4x: @; A; B; C; D; E; F; G; H; I; J; K; L; M; N; O
5x: P; Q; R; S; T; U; V; W; X; Y; Z; [; \; ]; ^; _
6x: ‘ 2018; a; b; c; d; e; f; g; h; i; j; k; l; m; n; o
7x: p; q; r; s; t; u; v; w; x; y; z; {; |; }; ~; SHY
8x: Ă 0102; Ą 0104; Ć 0106; Č 010C; Ď 010E; Ě 011A; Ę 0118; Ğ 011E; Ĺ 0139; Ľ 013D; Ł 0141; Ń 0143; Ň 0147; Ŋ 014A; Ő 0150; Ŕ 0154
9x: Ř 0158; Ś 015A; Š 0160; Ş 015E; Ť 0164; Ţ 0162; Ű 0170; Ů 016E; Ÿ 0178; Ź 0179; Ž 017D; Ż 017B; Ĳ 0132; İ 0130; đ 0111; § 00A7
Ax: ă 0103; ą 0105; ć 0107; č 010D; ď 010F; ě 011B; ę 0119; ğ 011F; ĺ 013A; ľ 013E; ł 0142; ń 0144; ň 0148; ŋ 014B; ő 0151; ŕ 0155
Bx: ř 0159; ś 015B; š 0161; ş 015F; ť 0165; ţ 0163; ű 0171; ů 016F; ÿ 00FF; ź 017A; ž 017E; ż 017C; ĳ 0133; ¡ 00A1; ¿ 00BF; £ 00A3
Cx: À; Á; Â; Ã; Ä; Å; Æ; Ç; È; É; Ê; Ë; Ì; Í; Î; Ï
Dx: Ð; Ñ; Ò; Ó; Ô; Õ; Ö; Œ 0152; Ø; Ù; Ú; Û; Ü; Ý; Þ; SS 1E9E
Ex: à; á; â; ã; ä; å; æ; ç; è; é; ê; ë; ì; í; î; ï
Fx: ð; ñ; ò; ó; ô; õ; ö; œ 0153; ø; ù; ú; û; ü; ý; þ; ß 00DF

==Notes==
- Hexadecimal values under the characters in the table are the Unicode character codes.
- The first 12 characters are often used as combining characters.

==Supported languages==
The encoding supports most European languages written in Latin alphabet. Notable exceptions are:
- Esperanto and Maltese language (using IL3)

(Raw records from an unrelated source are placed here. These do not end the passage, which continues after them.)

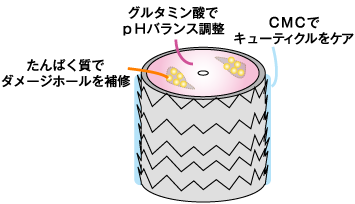 アルカリの「キューティクルを開く」という作用は、髪のpHを高くすることで髪の中の結合が切れ、膨らむことで起こります。この結合が切れている状態は髪が軟化しており、キューティクルは開いたままで髪がやわらかい状態なので、キューティクルが剥がれたり、隙間から内部成分が流れ出たりします。その結果、パサつきやザラツキなどが起こってしまいます。
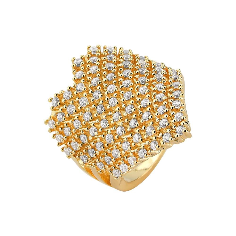 - Anel em formato de coração cravejado com zircônias incolor.- Banho de ouro 18K.
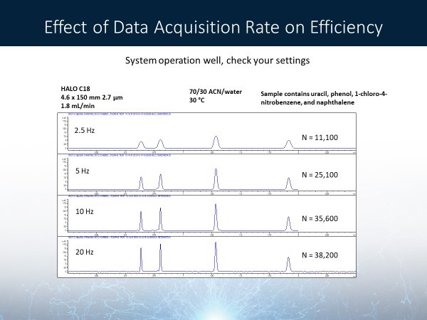 Detector settings should also be considered when noticing broad peaks and low efficiency. This could be a quick and easy change that could make a significant difference. For example, figure 3 shows a separation of neutral compounds at different data acquisition rates. Peak efficiency improves significantly as the data rate setting is increased. It is recommended to have at least a 20 Hz acquisition rate in your detector settings.
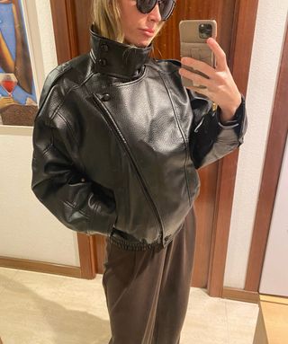 Cazadora cuero efecto piel Zara
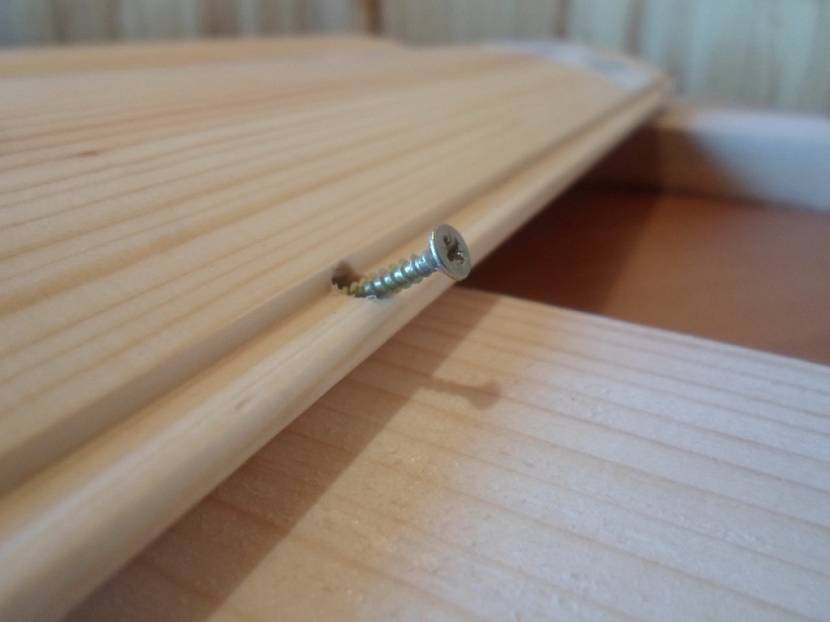 Данный способ крепления является самым популярным и надежным. Чтобы установить блок-хаус таким образом, в нижней части доски необходимо сделать отверстие до половины толщины панели. Затем в него вставляют саморез и утапливают его в доску вместе со шляпкой. Скрыть место крепежа можно декоративной пробкой или шпаклевкой из опилок и клея.
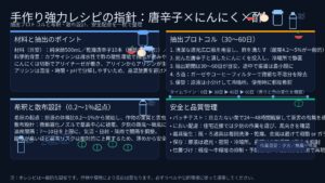 唐辛子は乾燥品で十分機能しますが、種子部はカプサイシン濃度が高く刺激が強くなる傾向があるため、初回は種を除いて刻み、二回目以降に調整すると安全側です。にんにくは包丁の腹で軽く潰し、酵素反応を起こしてから投入します。浸漬は冷暗所で30〜60日、時々軽く振盪して拡散を促し、ガス発生や異臭がないかを点検します。

- Latvian language and Lithuanian language (using L7X)
- Welsh language
Languages with slightly suboptimal support include:
- Galician language, Portuguese language and Spanish language – due to the lack of characters ª and º, which are not superscript versions of lowercase "a" and "o" (superscripts are thinner) and they are often underlined
- Croatian language, Bosnian language, Serbian language – due to the shared use of the slot for Đ
- Turkish language – due to dotless i having different uppercase and lowercase combinations than in other languages
- Romanian language – due to the characters "Ş ş Ţ ţ" (with a cedilla) being typographically considered incorrect by modern standards, with the expected correct forms being "Ș ș Ț ț" (with a comma below) - though when the encoding was developed, it was arguably considered acceptable at that time, but the status of support retroactively changed to suboptimal or insufficient when the Unicode codepoints were disunified.